Despite the regulatory uncertainty surrounding diversity in clinical trials, pharma companies remain committed to the goal of bringing more diverse patient populations into research and development. The industry recognizes that having a more representative population in trials is not only good science but also good ethics and good business.
However, the changing regulatory landscape presents challenges for pharma companies as they navigate the complexities of implementing diversity plans. The absence of clear benchmarks for diversity targets and the lack of specific numeric targets in regulatory guidelines from the FDA create uncertainty for sponsors trying to interpret what constitutes adequate diversity based on various factors.
Additionally, the industry’s technology innovations, such as decentralized clinical trials, raise questions about how companies can blend inclusivity goals with data collection capabilities. While decentralized clinical trials are promoted as a solution for recruitment, the FDA’s expectations regarding data integrity, patient monitoring, and privacy in these trials remain unclear.
Despite these challenges, pharma companies are advised to “stay the course” with their diversity plans and strategies while the FDA’s new leadership settles in. Companies can continue to proactively submit diversity plans and maintain their strategies to ensure that the science does not stop.
While the FDA’s draft guidance on clinical trial diversity provides a roadmap for crafting inclusion plans, its fate remains uncertain following the agency’s rejection of the guidance. As pharma companies navigate the regulatory uncertainties and challenges, it is crucial for them to balance the need for flexibility with the risk of additional review or delays in submissions.
Ultimately, the commitment to diversity and inclusion in clinical trials remains strong within the pharma industry, despite the regulatory complexities and uncertainties.
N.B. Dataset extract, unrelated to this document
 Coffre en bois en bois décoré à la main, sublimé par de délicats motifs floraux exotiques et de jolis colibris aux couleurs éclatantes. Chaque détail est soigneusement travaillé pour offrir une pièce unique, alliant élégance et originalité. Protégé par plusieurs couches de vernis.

Companies must continue to prioritize diversity in their research and development efforts to improve health outcomes and drive innovation in the field.
The FDA’s proposed guidance on promoting clinical trial diversity may be at risk of being scrapped, leaving companies without clear instructions on how to meet requirements mandated by the DEPICT Act. This act, passed in 2022, aims to increase diversity in clinical trials and represents a step towards stronger enforcement. However, the effectiveness of this mandate will depend on how rigorously the FDA monitors compliance and addresses non-adherence.
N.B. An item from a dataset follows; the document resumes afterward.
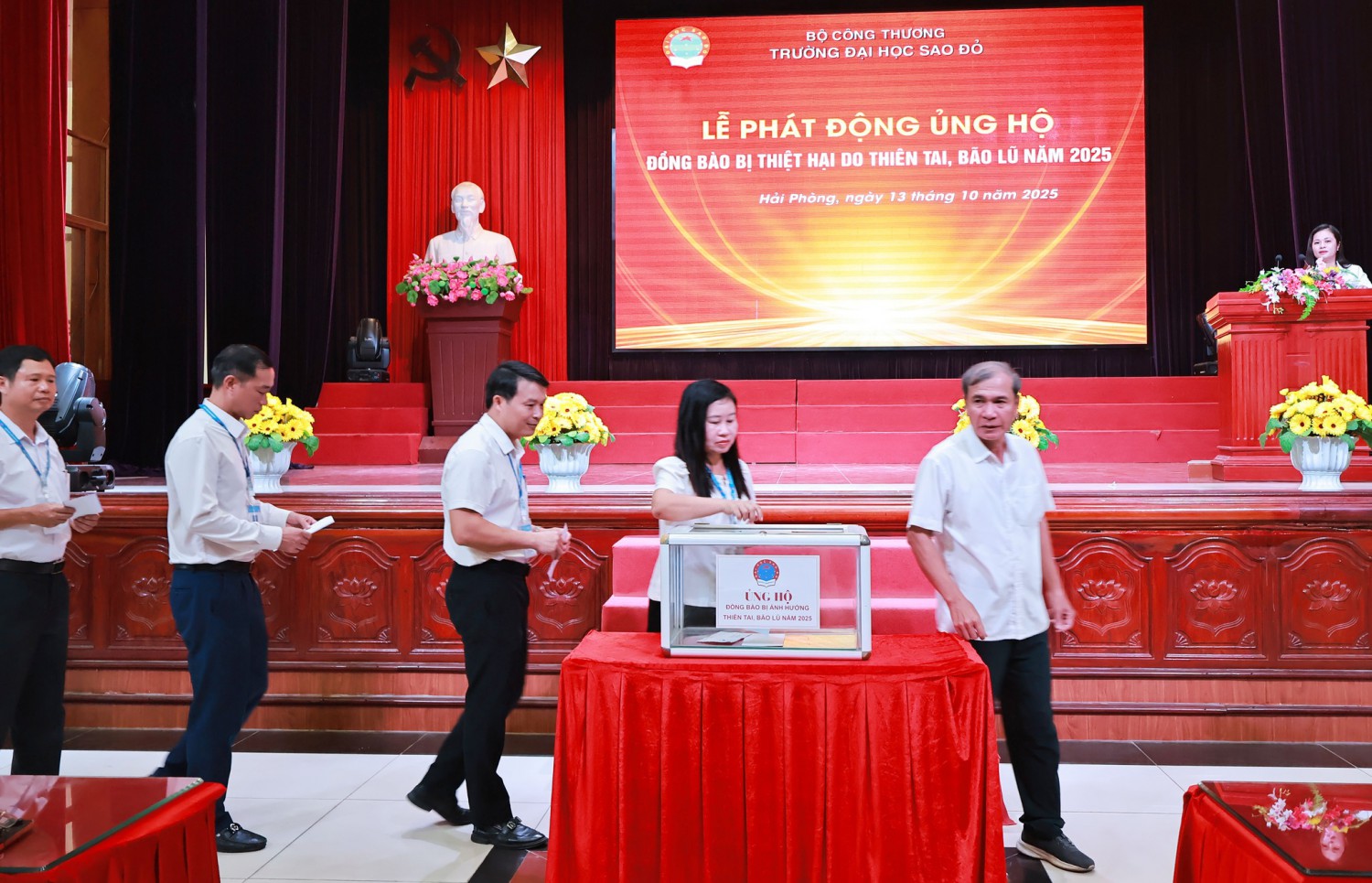 Sáng ngày 13/10/2025, tại hội trường đa năng toàn thể cán bộ, viên chức và sinh viên Trường Đại học Sao Đỏ đã đến dự và cùng chung tay ủng hộ, hỗ trợ đồng bào bị thiệt hại do thiên tai gây ra góp phần giảm bớt khó khăn, ổn định cuộc sống.

In the absence of clear guidance from the FDA, it is crucial for companies to prioritize inclusivity in their clinical trials. One way to do this is by solidifying recruitment strategies, such as forging stronger ties with community organizations to boost trust and access, and leveraging digital tools and tailored outreach plans to reach different patient populations. Creating monitoring and reporting metrics to measure recruitment success and publishing this data can drive accountability and continuous improvement.
Pharmaceutical companies should also invest in training for cultural competencies, design patient-centric trials, and make diversity a core value in their company ethos. When conducting global trials, sponsors can take guidance from other regulators, such as the U.K.’s Health Research Authority and Medicines and Healthcare Products Regulatory Agency, which have published draft guidance and are piloting a program for submitting inclusion plans.
Engaging with the FDA can also help shape future diversity rules and regulations. At a recent conference, company leaders expressed their commitment to diversity goals, even in the absence of clear guidance from the FDA. While it may take some time for the dust to settle from changes at the FDA, companies are determined to continue their efforts towards promoting diversity in clinical trials.
In conclusion, the industry remains committed to diversity goals, with or without FDA guidance. There is still much work to be done, but the dedication to inclusivity and diversity in clinical trials is unwavering. By prioritizing recruitment strategies, training, and accountability, companies can continue to make progress towards more diverse and representative clinical trials.